What to do:
From the line containing "Selling a BRAND" down to the final line of the entries below, return each line exactly and drop the pictures.

"""

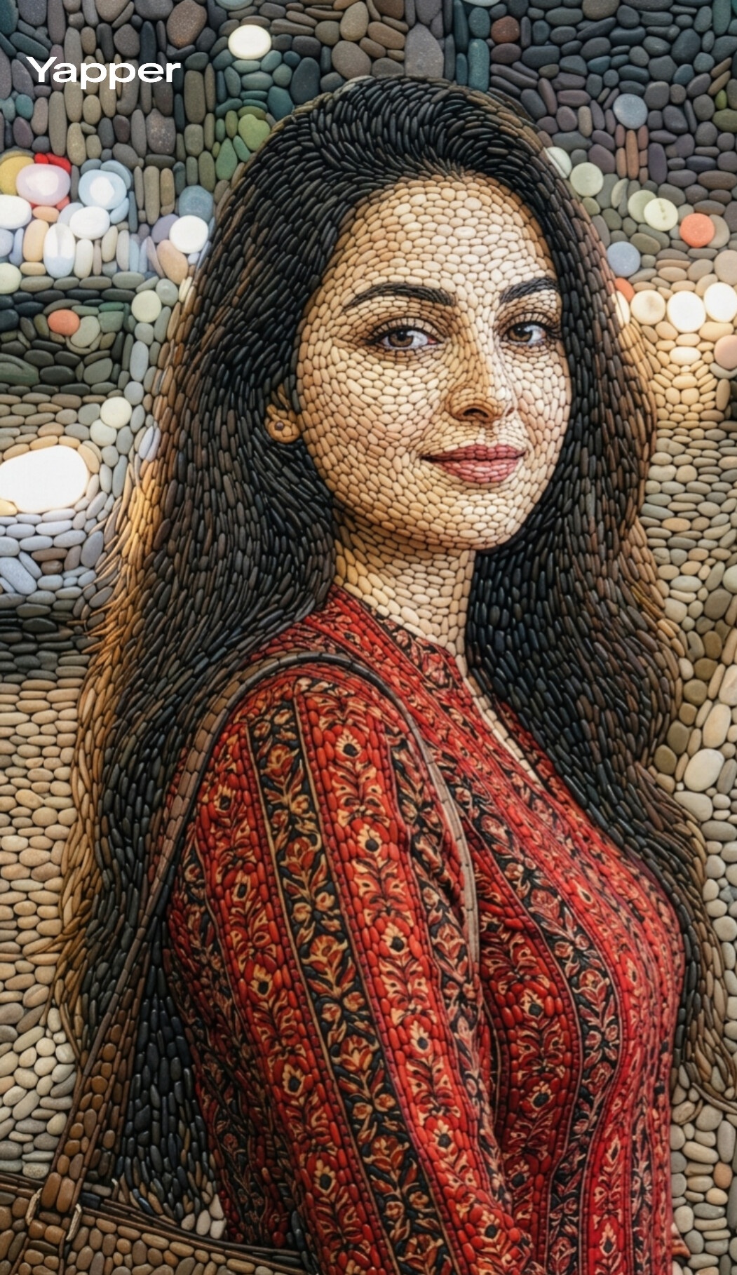 highly detailed pebble mosaic portrait of a beautiful woman, where the entire image is constructed from thousands of smooth natural stones and pebbles. The pebbles vary in size and color to form realistic facial features, hair, skin tones, and clothing patterns. The woman has long flowing hair and is wearing a richly patterned red traditional dress. The background is also composed of carefully arranged river stones creating a textured mosaic wall. Ultra-detailed stone texture, natural earthy colors, soft lighting, artistic stone mosaic craftsmanship, gemini photorealistic composition, 8k resolution, intricate pebble placement, handcrafted mosaic art style.
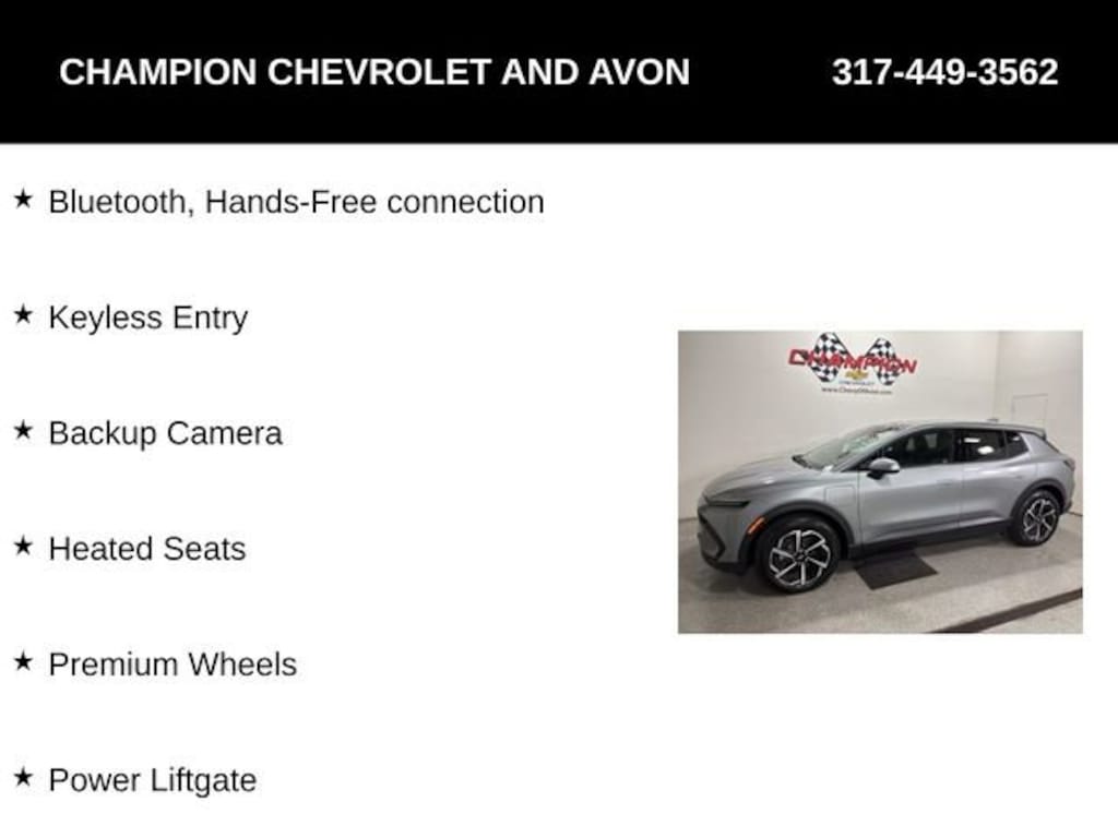 Bluetooth, Hands-Free connection, Keyless Entry, Backup Camera, Heated Seats, Premium Wheels, Power Liftgate.Tax, title, license and $249.00 document preparation fee are extra. Pricing will not include additional installed accessories. Not available with special finance or lease offers. We make every reasonable effort possible to present information and pricing that is true and accurate. Some information provided may come from third party sources. To ensure your complete satisfaction, please verify the accuracy prior to your purchase. It is the responsibility of the consumer to verify the accuracy of information listed.117/100 City/Highway MPG . See dealer for details. Dealer is not responsible for typographical or other errors in pricing. Price may not include installed accessories. Price includes: *$2000 - GM Consumer Cash Program. Applies To All Consumers Exp. 01/02/2026
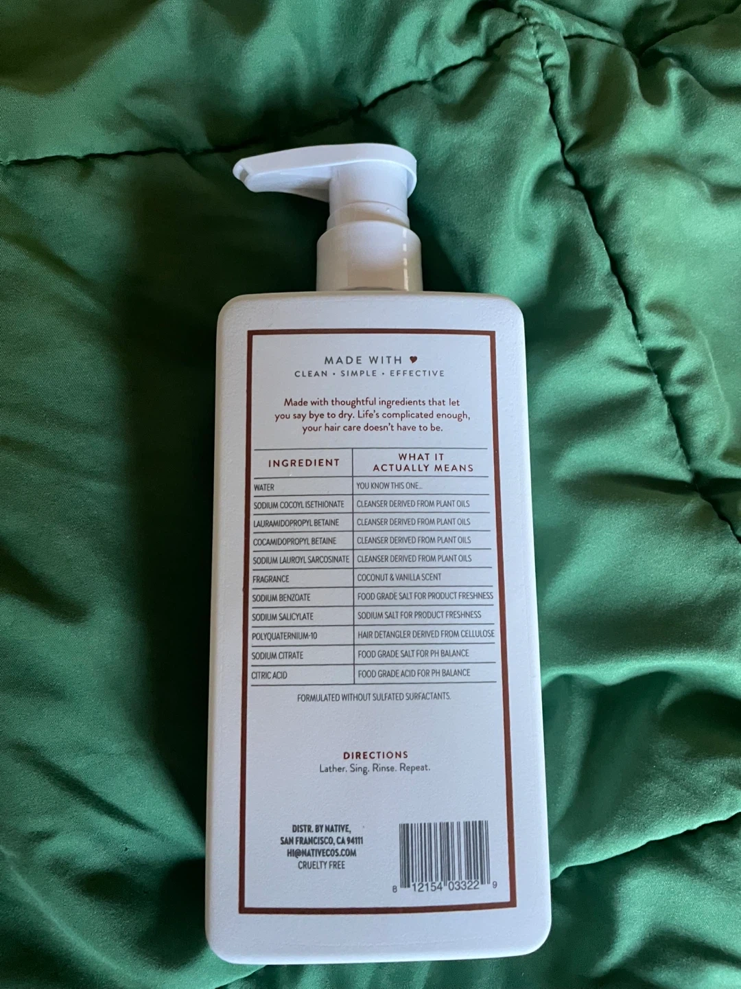 Selling a BRAND NEW, UNOPENED of Native Coconut & Vanilla Moisturizing Shampoo. It's a 16.5 fl oz (487 ml) bottle of hair care goodness! Made with clean ingredients, it's silicone, sulfate, and paraben free. Perfect for adding moisture to your hair. Bought for $8.
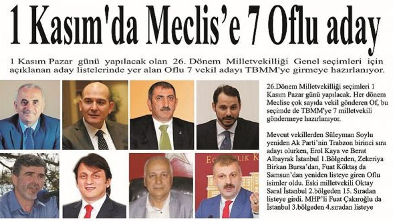 1 Kasım'da meclise 7 Oflu aday
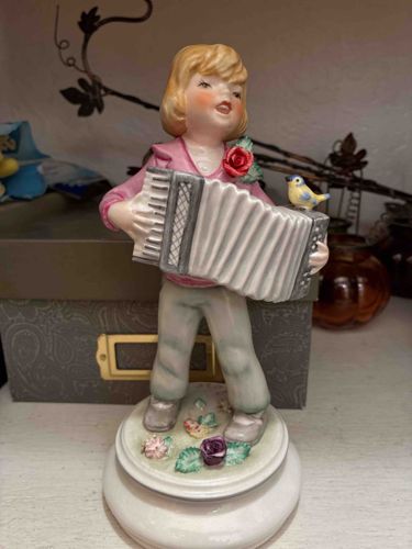 Musical Porcelain Figurine of a Girl Playing Accordion
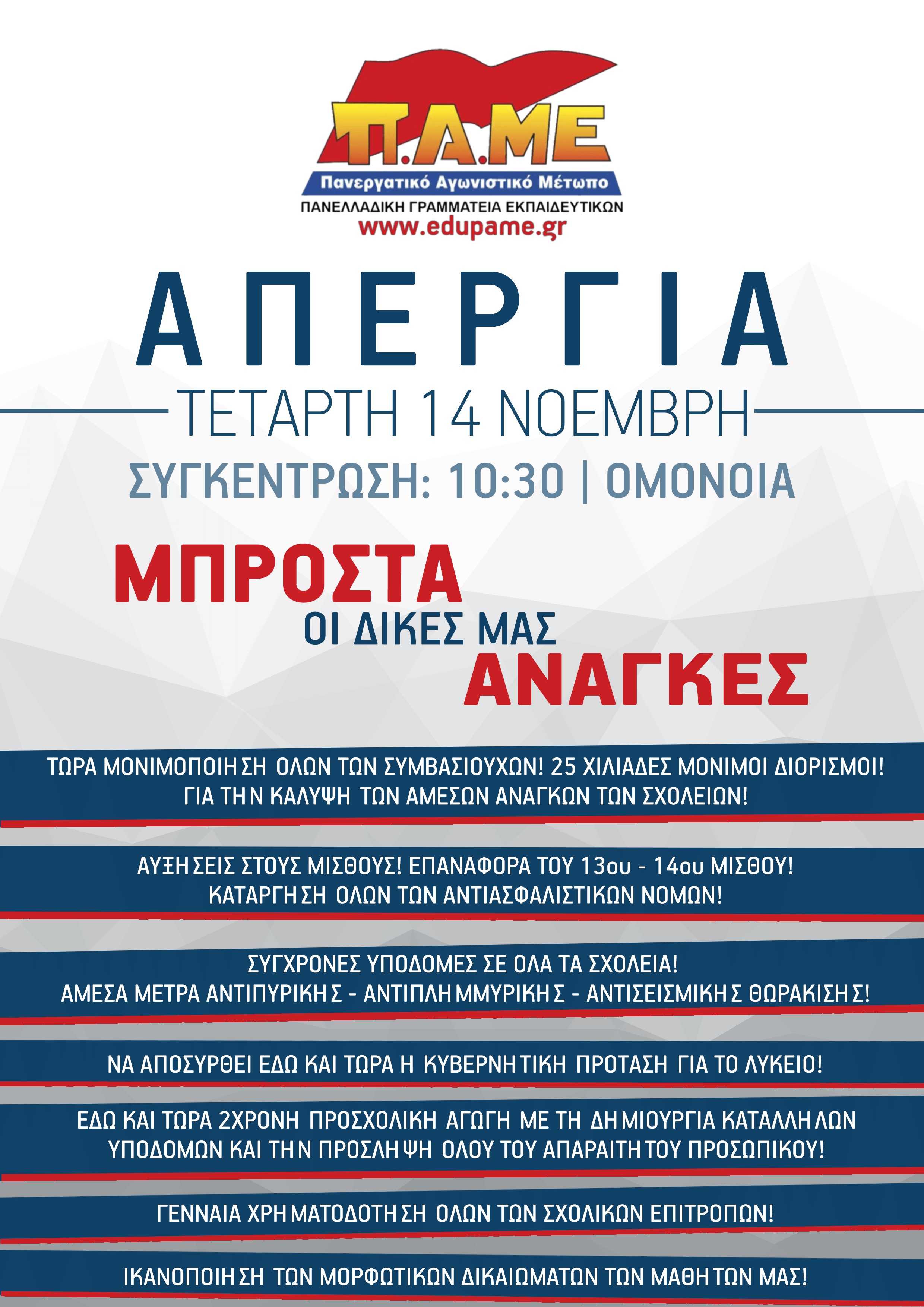 Αφίσα κάλεσμα στην Πανελλαδική Απεργία 14 Νοέμβρη 2018 και στην απεργιακή Συγκέντρωση 10.30 π.μ. Ομόνοια!

"""

Task solution:
 Selling a BRAND NEW, UNOPENED of Native Coconut & Vanilla Moisturizing Shampoo. It's a 16.5 fl oz (487 ml) bottle of hair care goodness! Made with clean ingredients, it's silicone, sulfate, and paraben free. Perfect for adding moisture to your hair. Bought for $8.
 1 Kasım'da meclise 7 Oflu aday
 Musical Porcelain Figurine of a Girl Playing Accordion
 Αφίσα κάλεσμα στην Πανελλαδική Απεργία 14 Νοέμβρη 2018 και στην απεργιακή Συγκέντρωση 10.30 π.μ. Ομόνοια!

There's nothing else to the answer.